朝、まーくん。(エピローグ)

「まーくん、起きて」

 ママが呼んでいました。

 ふわっ、と目を開けた舞斗の前で、パパとママが微笑んでいました。

 ぱちぱちとまばたきして、ふたりと目を合わせて、えへへと笑います。

 舞斗は、夢の中で、大冒険をしていました。

 その中で、布団はすっかり蹴り飛ばされていました。

 がんばってきたお話をしようとしたところで、舞斗はお尻のあたりがぺちゃっとしていることに気づきました。
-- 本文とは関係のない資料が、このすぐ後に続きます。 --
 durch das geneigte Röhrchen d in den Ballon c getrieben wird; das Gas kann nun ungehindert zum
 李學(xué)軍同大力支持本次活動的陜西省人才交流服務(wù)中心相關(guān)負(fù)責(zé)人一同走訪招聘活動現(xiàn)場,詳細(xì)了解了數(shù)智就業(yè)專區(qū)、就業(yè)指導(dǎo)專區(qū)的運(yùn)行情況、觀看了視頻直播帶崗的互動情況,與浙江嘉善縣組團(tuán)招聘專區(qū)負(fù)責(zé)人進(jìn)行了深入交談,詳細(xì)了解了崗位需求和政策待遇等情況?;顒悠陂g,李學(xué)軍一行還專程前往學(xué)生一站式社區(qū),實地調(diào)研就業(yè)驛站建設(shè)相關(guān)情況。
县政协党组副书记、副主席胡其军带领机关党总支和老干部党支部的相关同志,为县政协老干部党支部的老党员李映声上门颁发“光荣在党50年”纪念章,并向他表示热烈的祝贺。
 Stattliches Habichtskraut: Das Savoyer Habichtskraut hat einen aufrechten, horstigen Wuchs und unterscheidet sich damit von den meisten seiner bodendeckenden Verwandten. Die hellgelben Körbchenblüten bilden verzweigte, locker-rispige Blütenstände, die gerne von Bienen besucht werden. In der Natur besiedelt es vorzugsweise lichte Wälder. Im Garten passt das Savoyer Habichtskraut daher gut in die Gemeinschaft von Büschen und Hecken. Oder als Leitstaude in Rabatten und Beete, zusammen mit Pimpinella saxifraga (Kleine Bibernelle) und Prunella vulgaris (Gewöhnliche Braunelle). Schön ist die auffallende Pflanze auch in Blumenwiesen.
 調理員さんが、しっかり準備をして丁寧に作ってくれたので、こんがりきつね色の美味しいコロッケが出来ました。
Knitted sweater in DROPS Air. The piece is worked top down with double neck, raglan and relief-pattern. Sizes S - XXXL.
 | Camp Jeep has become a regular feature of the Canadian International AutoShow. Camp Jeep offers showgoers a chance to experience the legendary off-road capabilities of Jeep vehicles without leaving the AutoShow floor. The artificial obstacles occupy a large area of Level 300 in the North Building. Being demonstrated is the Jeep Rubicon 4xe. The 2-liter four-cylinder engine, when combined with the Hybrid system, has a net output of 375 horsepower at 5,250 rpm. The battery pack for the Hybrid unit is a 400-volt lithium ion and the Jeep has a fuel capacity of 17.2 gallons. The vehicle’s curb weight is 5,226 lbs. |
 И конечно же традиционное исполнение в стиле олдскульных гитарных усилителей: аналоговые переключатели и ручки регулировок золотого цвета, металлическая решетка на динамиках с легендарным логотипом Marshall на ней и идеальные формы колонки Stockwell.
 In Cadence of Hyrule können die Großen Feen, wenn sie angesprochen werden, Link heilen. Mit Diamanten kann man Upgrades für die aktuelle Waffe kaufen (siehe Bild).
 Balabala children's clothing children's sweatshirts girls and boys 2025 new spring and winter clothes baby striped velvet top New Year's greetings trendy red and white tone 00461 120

「おはよう、まーくん。朝ごはん、できてるよ――どうしたの?」

 舞斗がなんともいえない表情になったのを見て、ママが尋ねます。

「えっと……」

 少し腰をずらして体を起こし、さっきまでお尻のあったところを見ます。

 パパとママもそっちを見て、目を丸くしました。

「あらららら、ふふっ」

「わ、笑わないで……」

 舞斗が顔を赤くします。

「そうね。久しぶりにやっちゃったね。

 昨日寝る前にトイレ行かなかったでしょ。麦茶あんなに飲んでたのに」

 責める風ではなく、ふたりは落ち着いていました。

「何か、楽しい夢を見てたの?」

「ん、うん……あのね」

 駅までのパパのお迎え。

 雨上がりの公園への道。

 それから――

 舞斗が話そうとするのを、ママが「ちょっとだけ待ってね」と止めました。

「おしり拭きと着替え持ってくるから、そのまま待ってて」

「う……はい」

 パパが近くのチェストから、替えのパンツとおしり拭き、それにタオルを取ってきました。

 それをお尻の下に敷きます。

 舞斗「あのね……」と戦ってきたものを思い出しながら、お股のところがしっとりしたままのパジャマのズボンとパンツを脱いでママに渡します。

 お股を拭いて、パンツをはいて、がんばった話をします。

「そっか、すごいね」

 と、ママが優しく笑って言いました。

「じゃあこれは、まーくんの戦いの記録なんだ。それか、旅の地図かな」


 シーツには、ここまで舞斗がやってきた冒険が、シミで描かれていました。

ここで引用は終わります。